- [WHAT YOU WILL DO] Of the entries below, repeat exactly only those lines from the one containing "Donde pudo la" through the last line, with pictures omitted.

- [DATASET EXTRACT]
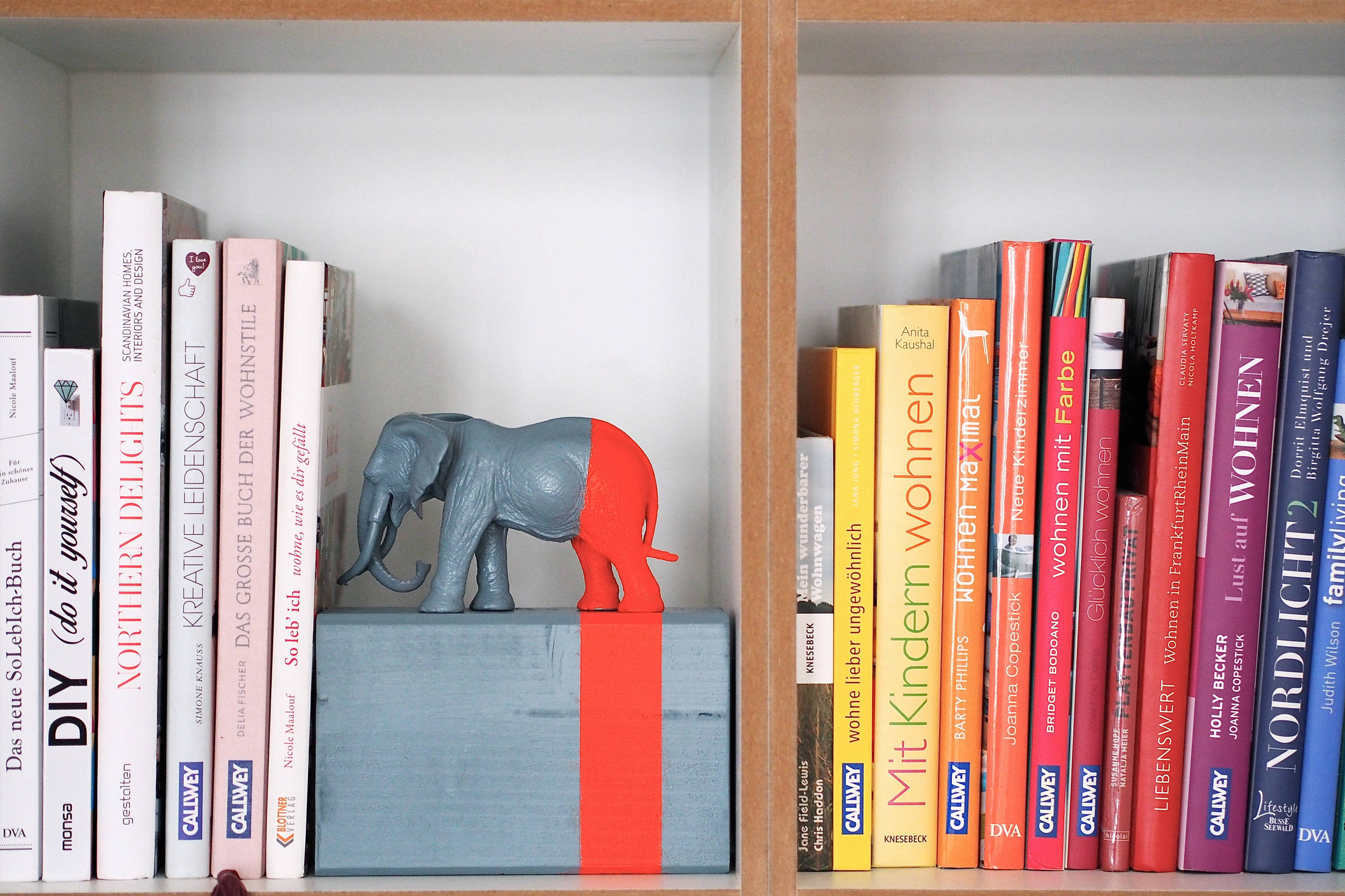 Ein echtes Arbeitstier ist dieser Elefant, der für Ordnung im Bücherregal sorgt. Aufgeklebt auf einen Holzklotz und mit Sprühlack verschönert, ist er nicht nur ein ordentlicher Hingucker, sondern auch eine echte Stütze.
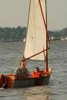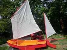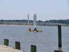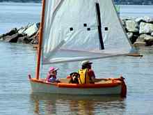 The first boat I took out this summer was the Slam Dink. There is rumor that there was another one built somewhere, but all I know about is this one. It has a traditional double sprit rig. Both a sprit boom and sprit yard which are tied off close together making it easy to adjust the tension. My brother, Sean, (along with Lauren, his cousin) built this boat when he was a kid. It was his first boat build. I took charge of it since I have more room and both my father and he have moved on to other boats. I find this the perfect boat to take young kids out in. It doesn’t have flotation but it is made of wood and will float. In shallow water you can have a kid get out there and really learn how his weight works with the boat. I went to a Memorial Day party and there where about 12 little boys there. For some reason all my friends had boys, and it seems that my daughter is one of the few girls. She will be very popular at future Memorial Day parties.
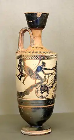 En la década del 630 a. C. aparecieron los primeros pintores áticos que utilizaron las figuras negras para el conjunto de los vasos cerámicos. Época de la que ya se conocen los nombres de los artistas más destacados, como Nicóstenes o Exequias, ambos grandes virtuosos del trazo. La temática está dominada por la mitología épica, pero aumenta la representación de atletas, banquetes, escenas galantes, bodas, enterramientos y escenas de la vida cotidiana.[11]
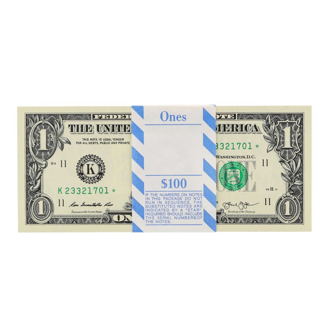 Pack of (100) Consecutive 2013 $1 Federal Reserve STAR Notes Dallas
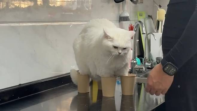 남성은 고양이를 살짝 안아 올려, 작은 발을 하나씩 종이컵에 조심스럽게 넣었습니다. 갑자기 족욕을 하게 된 고양이는 당연히 가만히 있을 리 없었죠. 품에서 벗어나려고 버둥거리면서, 마치 "이게 무슨 일이냐"고 따지는 듯한 울음소리를 냈습니다.
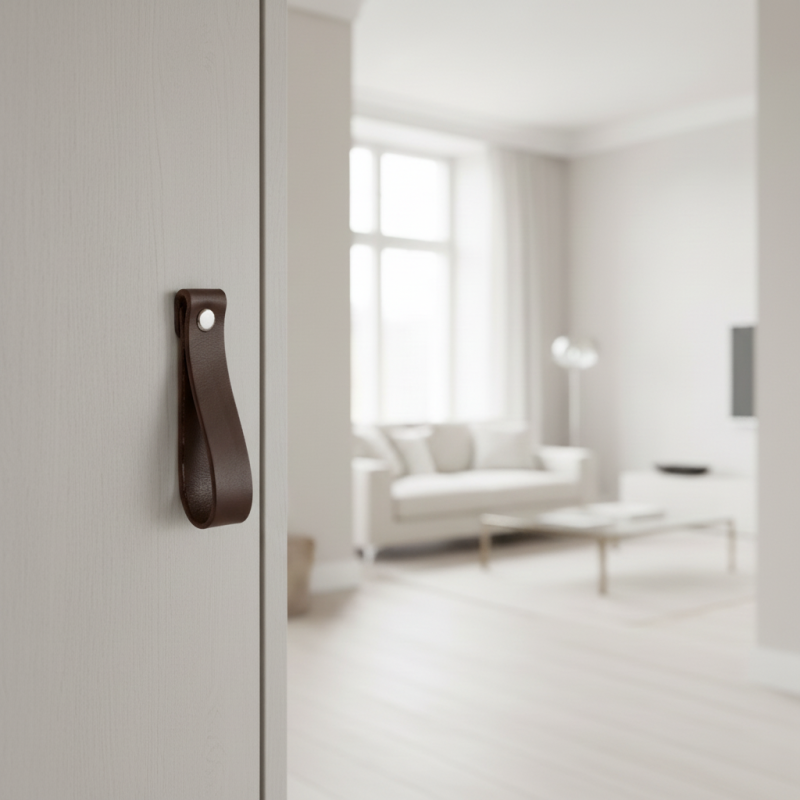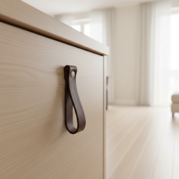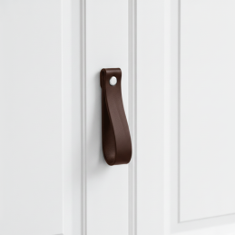 Kožená úchytka DOLCE Maxi v tmavohnedom prevedení pôsobí elegantne, prirodzene a nadčasovo. Pravá koža dodáva nábytku luxusný, hrejivý akcent a vďaka väčšej dĺžke úchytka pôsobí výraznejšie, čo ju robí ideálnou pre skrinky, komody či väčšie zásuvky. Tmavohnedý odtieň krásne ladí s drevom, prírodnými materiálmi aj modernými povrchmi.
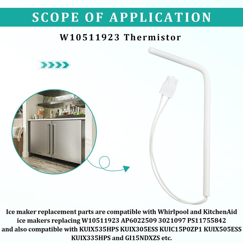 Thermistor information: W10511923 thermistor, compatible with Whirlpool, KitchenAid and Kitchenade ice makers, replacement for W10511923, AP6022509, 3021097, PS11755842, can be the perfect solution for ice makers that make too much ice Ice Sensor Function: monitors the temperature inside the ice maker storage fridge and sends the temperature reading to the electronic control board to maintain precise temperature control for consistent production of high quality ice. Wide range of compatibility: Ice maker replacement parts are compatible with Whirlpool and KitchenAid ice makers, replacing W10511923, AP6022509, 3021097, PS11755842, and also compatible with KUIX535HPS, KUIX305ESS, KUIC15P0ZP1, KUIX505ESS. KUIX335HPS and GI15NDXZS etc. Excellent performance: The outer layer of W10511923 thermistor is made of high quality resin, which is waterproof, not easy to break, wear-resistant and has a long service life. Easy to install: the installation of thermistors for ice machines is very simple, no need to spend money on hiring a service technician, just use a simple 1/4-inch nut driver can easily solve your problem, greatly saving your time and energy!
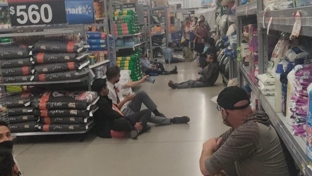 Donde pudo la gente intentó resguardarse para no recibir un disparo. Como estos chiapanecos que se tiraron al piso en el Walmart de San Cristóbal de las Casas, Chiapas.
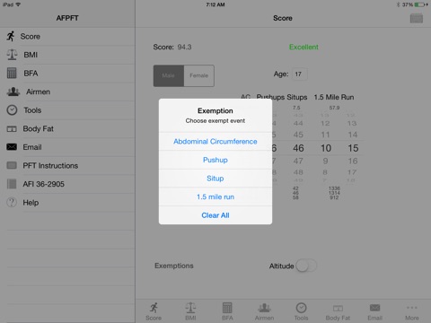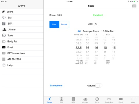 The Air Force Physical Fitness Test (AFPFT) calculator is the ultimate App to gage, administer, and record physical fitness. Individual or multiple Airmens physical fitness can be calculated and stored. The AFPFT calculator even fills out AF Form 4446 in Adobe Acrobat (PDF) or PureEdge (XFDL) format!! The AFPFT uses the latest AFI 36-2905 (Oct 2013) to calculate physical fitness scores and body fat assessment.
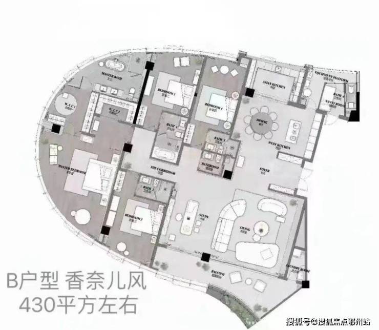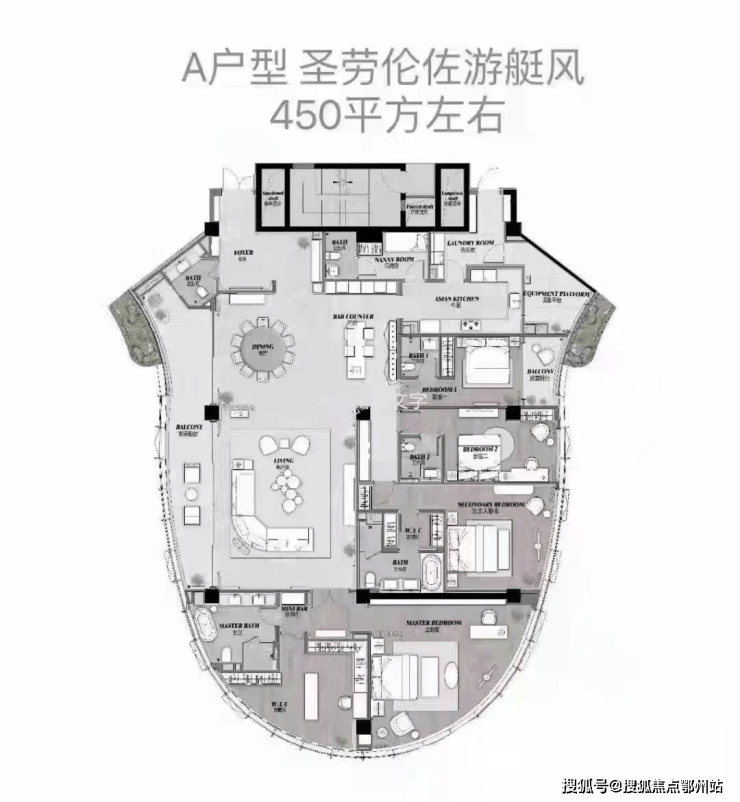 户型面积430-450平方米的面积,售价1550w起,精装修,得房率超高82%,自带环形大阳台,
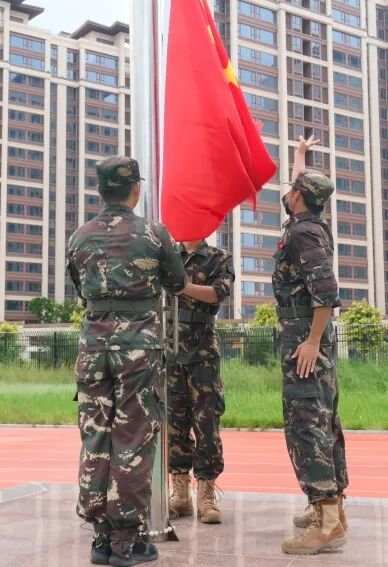 開營儀式在莊嚴(yán)的國歌中正式拉開帷幕。國旗護(hù)衛(wèi)隊(duì)邁著鏗鏘有力的步伐護(hù)送國旗入場。在雄壯的國歌聲中,鮮艷的五星紅旗冉冉升起,全體師生肅立行禮,目光熾熱,展現(xiàn)了云揚(yáng)學(xué)子昂揚(yáng)向上的精神風(fēng)貌和深厚的愛國情懷。

- [WORKED SOLUTION]
 Donde pudo la gente intentó resguardarse para no recibir un disparo. Como estos chiapanecos que se tiraron al piso en el Walmart de San Cristóbal de las Casas, Chiapas.
 The Air Force Physical Fitness Test (AFPFT) calculator is the ultimate App to gage, administer, and record physical fitness. Individual or multiple Airmens physical fitness can be calculated and stored. The AFPFT calculator even fills out AF Form 4446 in Adobe Acrobat (PDF) or PureEdge (XFDL) format!! The AFPFT uses the latest AFI 36-2905 (Oct 2013) to calculate physical fitness scores and body fat assessment.
 户型面积430-450平方米的面积,售价1550w起,精装修,得房率超高82%,自带环形大阳台,
 開營儀式在莊嚴(yán)的國歌中正式拉開帷幕。國旗護(hù)衛(wèi)隊(duì)邁著鏗鏘有力的步伐護(hù)送國旗入場。在雄壯的國歌聲中,鮮艷的五星紅旗冉冉升起,全體師生肅立行禮,目光熾熱,展現(xiàn)了云揚(yáng)學(xué)子昂揚(yáng)向上的精神風(fēng)貌和深厚的愛國情懷。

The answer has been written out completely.